(Data section Opens)

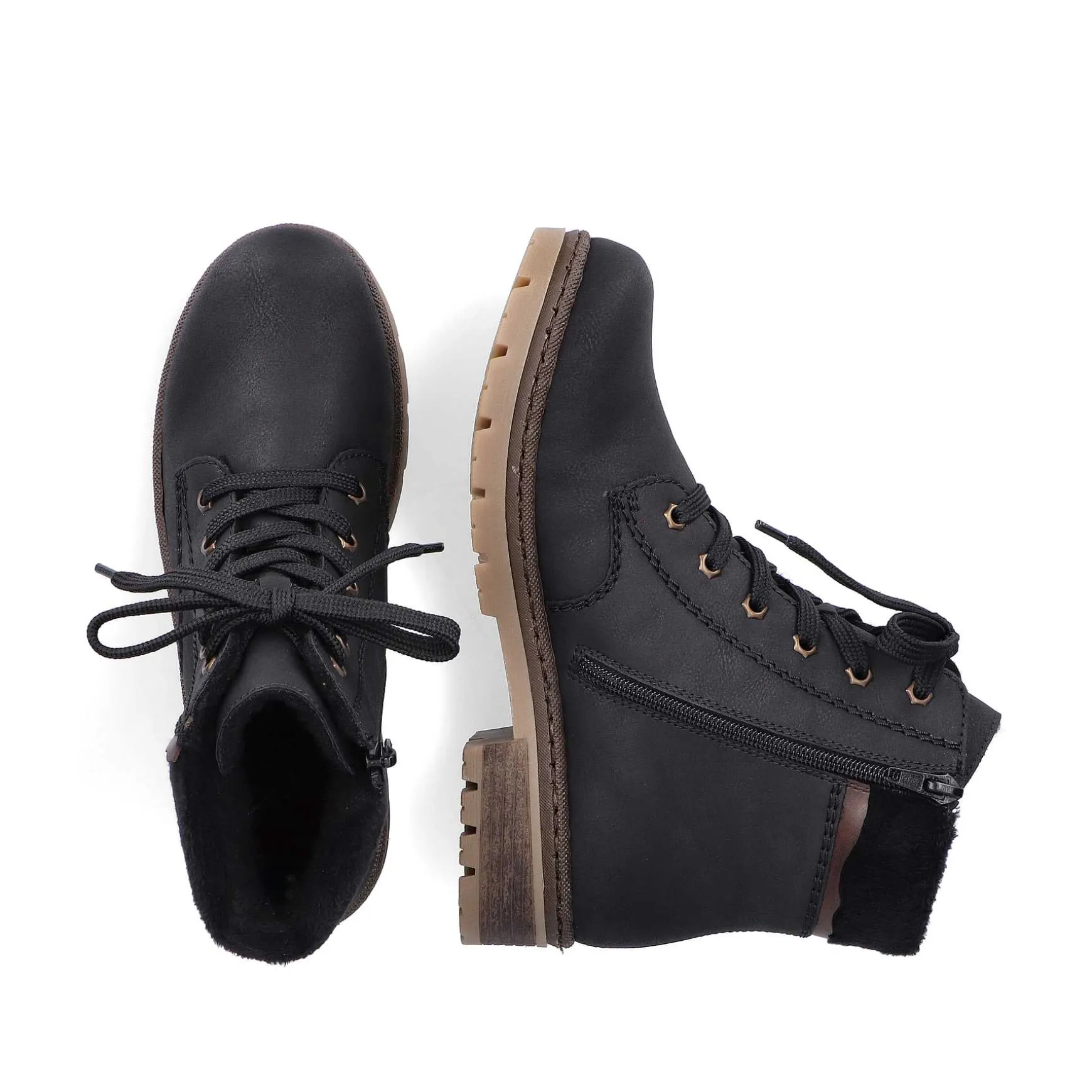 We Love Black! The Cold Season Wouldn’T Be Half As Fun Without These Stylish Graphite Black Lace-Up Boots From Rieker. The Clever Combination Of Lacing And Zipper Provides Optimal Support And Makes It Easy To Put On And Take Off. The Logo Element On The Shaft Is A Nice Detail. Its Robust Profile Sole Ensures Good Grip And The Extra Soft Insole Ensures Additional Comfort. The Soft Warm Lining Keeps Your Feet Cozy And Warm. 100% Favorite Shoe Potential!
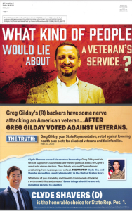 The PAC doubled down on the lies and accused his opponent’s “backers” of “attacking an American veteran in a mailer that was sent out after the revelations went public. In the latest mailer, Shavers wrote “Greg Gilday and his fat-cat supporters launched a last-minute political attack on Clyde’s service to win an election,” adding that Gilday had “some nerve attacking an American veteran.”
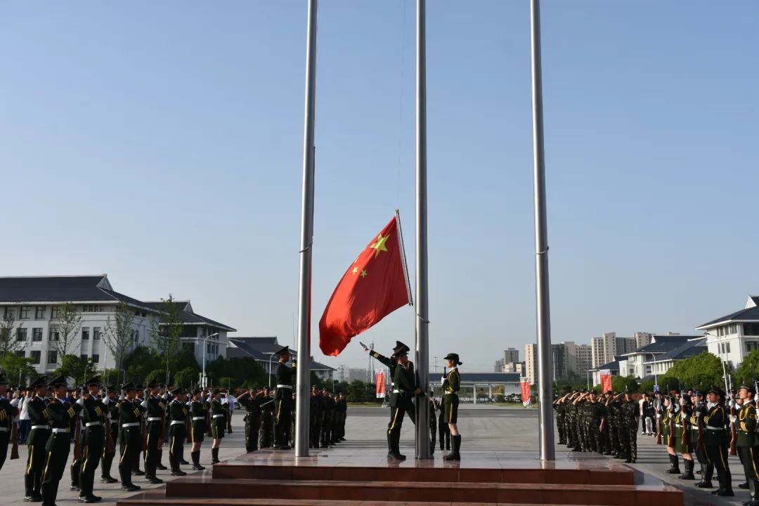 七时整,升旗仪式正式开始。校国旗护卫队队员迈着整齐有力的步伐护送国旗入场,伴随着雄壮的国歌,全体师生庄严肃立,行注目礼,目送五星红旗冉冉升起。
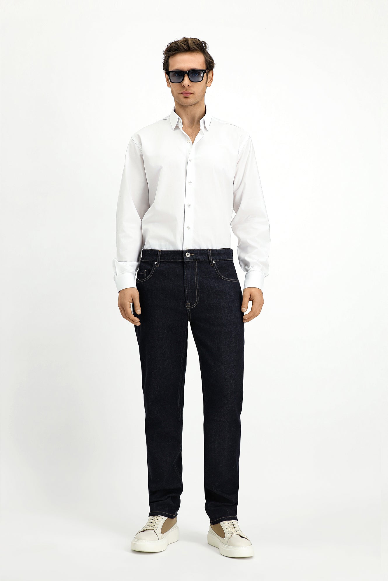 Beyaz Uzun Kol Klasik Desenli Pamuk Gömlek
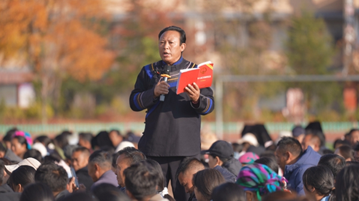 12月3日,在宁蒗县小凉山学校,1500余名师生和家长围坐一堂,聆听“普法阿普”毛建忠用彝汉“双语”讲述法治故事。这是他扎根基层23年来的第1000场宣讲,从木楞房的火塘边到网络上的普法直播间,从田间地头到校园课堂,毛建忠用一句“我要用自己的语言唤醒我的民族”,道出了法治最朴素的价值。
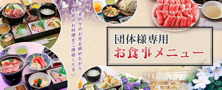 ● 団体様食事メニューのご予約は、5日前迄にご予約お願いいたします。直前のご予約に関しましてはお問い合わせ下さい。
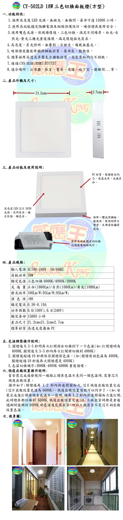 18W三色切換面板燈(方型)
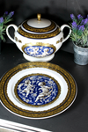 Vintage porcelain table clockwith romantic victorian scenemarked limoges cobalt blue porcelain works on a battery 1960/1970 37 cm...
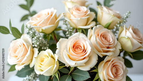 A soft pastel arrangement of white, peach, and pink roses, dusted with dew, interwoven with eucalyptus and silver mist, capturing serene elegance.
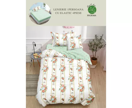 Lenjerie de Pat Bumbac Finet, 1 persoana , cearsaf cu elastic - SIPRT60-27
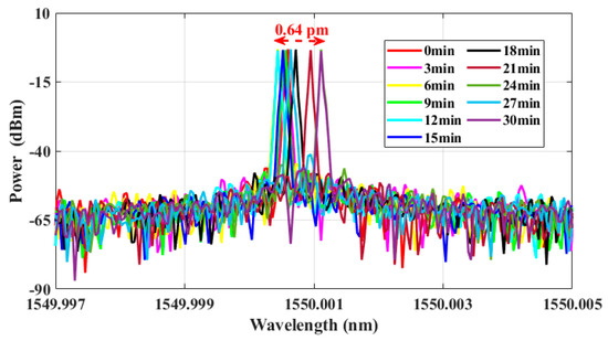 The long-term stability of the laser was monitored during a 30 min period. As depicted in Figure 8, the optical spectrum of the generated laser signal exhibited a wavelength drift throughout the 30 min interval. The wavelength drift arose from internal noise within the laser device and interference induced by external environmental factors. The wavelength drift range of the PT symmetric fiber ring laser was approximately 0.64 pm.
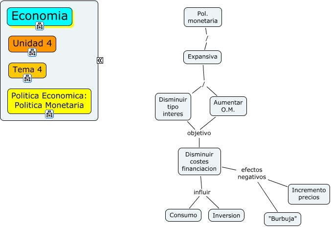 Este Cmap, tiene información relacionada con: Unidad 4 Tema 4 Politica Monetaria Expansiva, Disminuir costes financiacion influir Inversion, Pol. monetaria / Expansiva, Disminuir tipo interes objetivo Disminuir costes financiacion, Aumentar O.M. objetivo Disminuir costes financiacion, Disminuir costes financiacion influir Consumo, Expansiva / Disminuir tipo interes, Disminuir costes financiacion efectos negativos Incremento precios, Disminuir costes financiacion efectos negativos "Burbuja", Expansiva / Aumentar O.M.
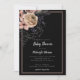 Beautifully dark baby shower invitation with beige and pink floral, ferns, raven feathers, twigs and berries on a black background.Gothic style typography adds to the dark feel. See coordinating items in our shop, Enchanted Finch.
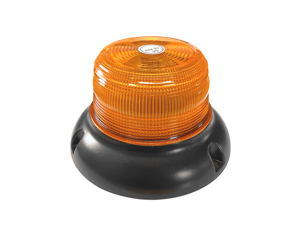 Faro lampeggiante LED arancio con diametro di 130mm (87mm vetro), funziona a tensione elettrica 12-24V con 22W di potenza. Fissaggio con viti a base piana.
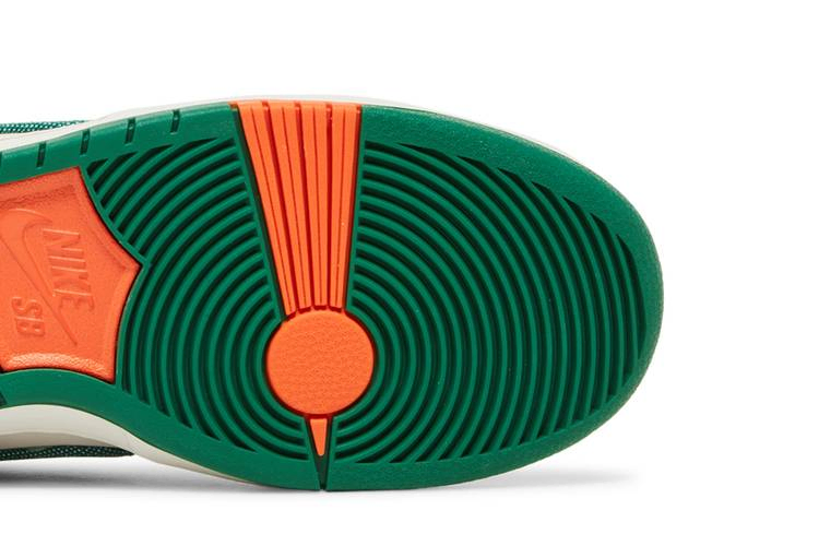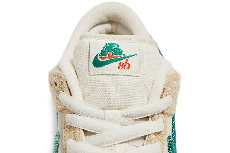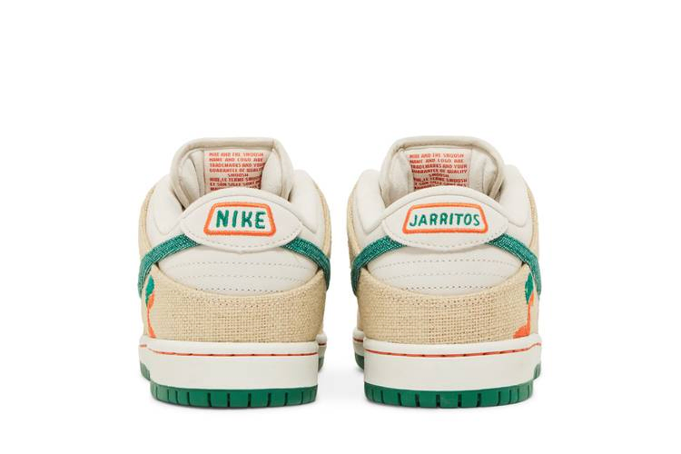 Jarritos x Nike Dunk Low SB отличаются уникальным дизайном, в основе которого лежит популярный мексиканский безалкогольный напиток. Низкие кроссовки выполнены из белой кожи и украшены накладками из рваного холста на носочной и пяточной частях. Вдохновленные холщовыми мешками, используемыми для сбора фруктов, которые придают напитку разнообразные вкусы, накладки и зеленый холщовый Swoosh открывают скрытую замшевую основу цвета Safety Orange. Вышитая графика Jarritos украшает боковую пятку, а на каждом язычке пятки красуется несовпадающий брендинг Nike и Jarritos. Эта пара поставляется в специальной упаковке: холщовый мешок для пыли и фирменная коробка в деревянном ящике. В сопроводительной коробке находятся фирменные бутылки Jarritos с четырьмя разными вкусами.

(Data section Closes)

• [Problem to solve]:
Leaving out all pictures, transcribe the listing exactly.

• [Result of the task]:
 We Love Black! The Cold Season Wouldn’T Be Half As Fun Without These Stylish Graphite Black Lace-Up Boots From Rieker. The Clever Combination Of Lacing And Zipper Provides Optimal Support And Makes It Easy To Put On And Take Off. The Logo Element On The Shaft Is A Nice Detail. Its Robust Profile Sole Ensures Good Grip And The Extra Soft Insole Ensures Additional Comfort. The Soft Warm Lining Keeps Your Feet Cozy And Warm. 100% Favorite Shoe Potential!
 The PAC doubled down on the lies and accused his opponent’s “backers” of “attacking an American veteran in a mailer that was sent out after the revelations went public. In the latest mailer, Shavers wrote “Greg Gilday and his fat-cat supporters launched a last-minute political attack on Clyde’s service to win an election,” adding that Gilday had “some nerve attacking an American veteran.”
 七时整,升旗仪式正式开始。校国旗护卫队队员迈着整齐有力的步伐护送国旗入场,伴随着雄壮的国歌,全体师生庄严肃立,行注目礼,目送五星红旗冉冉升起。
 Beyaz Uzun Kol Klasik Desenli Pamuk Gömlek
 12月3日,在宁蒗县小凉山学校,1500余名师生和家长围坐一堂,聆听“普法阿普”毛建忠用彝汉“双语”讲述法治故事。这是他扎根基层23年来的第1000场宣讲,从木楞房的火塘边到网络上的普法直播间,从田间地头到校园课堂,毛建忠用一句“我要用自己的语言唤醒我的民族”,道出了法治最朴素的价值。
 ● 団体様食事メニューのご予約は、5日前迄にご予約お願いいたします。直前のご予約に関しましてはお問い合わせ下さい。
 18W三色切換面板燈(方型)
 Vintage porcelain table clockwith romantic victorian scenemarked limoges cobalt blue porcelain works on a battery 1960/1970 37 cm...
 A soft pastel arrangement of white, peach, and pink roses, dusted with dew, interwoven with eucalyptus and silver mist, capturing serene elegance.
 Lenjerie de Pat Bumbac Finet, 1 persoana , cearsaf cu elastic - SIPRT60-27
 The long-term stability of the laser was monitored during a 30 min period. As depicted in Figure 8, the optical spectrum of the generated laser signal exhibited a wavelength drift throughout the 30 min interval. The wavelength drift arose from internal noise within the laser device and interference induced by external environmental factors. The wavelength drift range of the PT symmetric fiber ring laser was approximately 0.64 pm.
 Este Cmap, tiene información relacionada con: Unidad 4 Tema 4 Politica Monetaria Expansiva, Disminuir costes financiacion influir Inversion, Pol. monetaria / Expansiva, Disminuir tipo interes objetivo Disminuir costes financiacion, Aumentar O.M. objetivo Disminuir costes financiacion, Disminuir costes financiacion influir Consumo, Expansiva / Disminuir tipo interes, Disminuir costes financiacion efectos negativos Incremento precios, Disminuir costes financiacion efectos negativos "Burbuja", Expansiva / Aumentar O.M.
 Beautifully dark baby shower invitation with beige and pink floral, ferns, raven feathers, twigs and berries on a black background.Gothic style typography adds to the dark feel. See coordinating items in our shop, Enchanted Finch.
 Faro lampeggiante LED arancio con diametro di 130mm (87mm vetro), funziona a tensione elettrica 12-24V con 22W di potenza. Fissaggio con viti a base piana.
 Jarritos x Nike Dunk Low SB отличаются уникальным дизайном, в основе которого лежит популярный мексиканский безалкогольный напиток. Низкие кроссовки выполнены из белой кожи и украшены накладками из рваного холста на носочной и пяточной частях. Вдохновленные холщовыми мешками, используемыми для сбора фруктов, которые придают напитку разнообразные вкусы, накладки и зеленый холщовый Swoosh открывают скрытую замшевую основу цвета Safety Orange. Вышитая графика Jarritos украшает боковую пятку, а на каждом язычке пятки красуется несовпадающий брендинг Nike и Jarritos. Эта пара поставляется в специальной упаковке: холщовый мешок для пыли и фирменная коробка в деревянном ящике. В сопроводительной коробке находятся фирменные бутылки Jarritos с четырьмя разными вкусами.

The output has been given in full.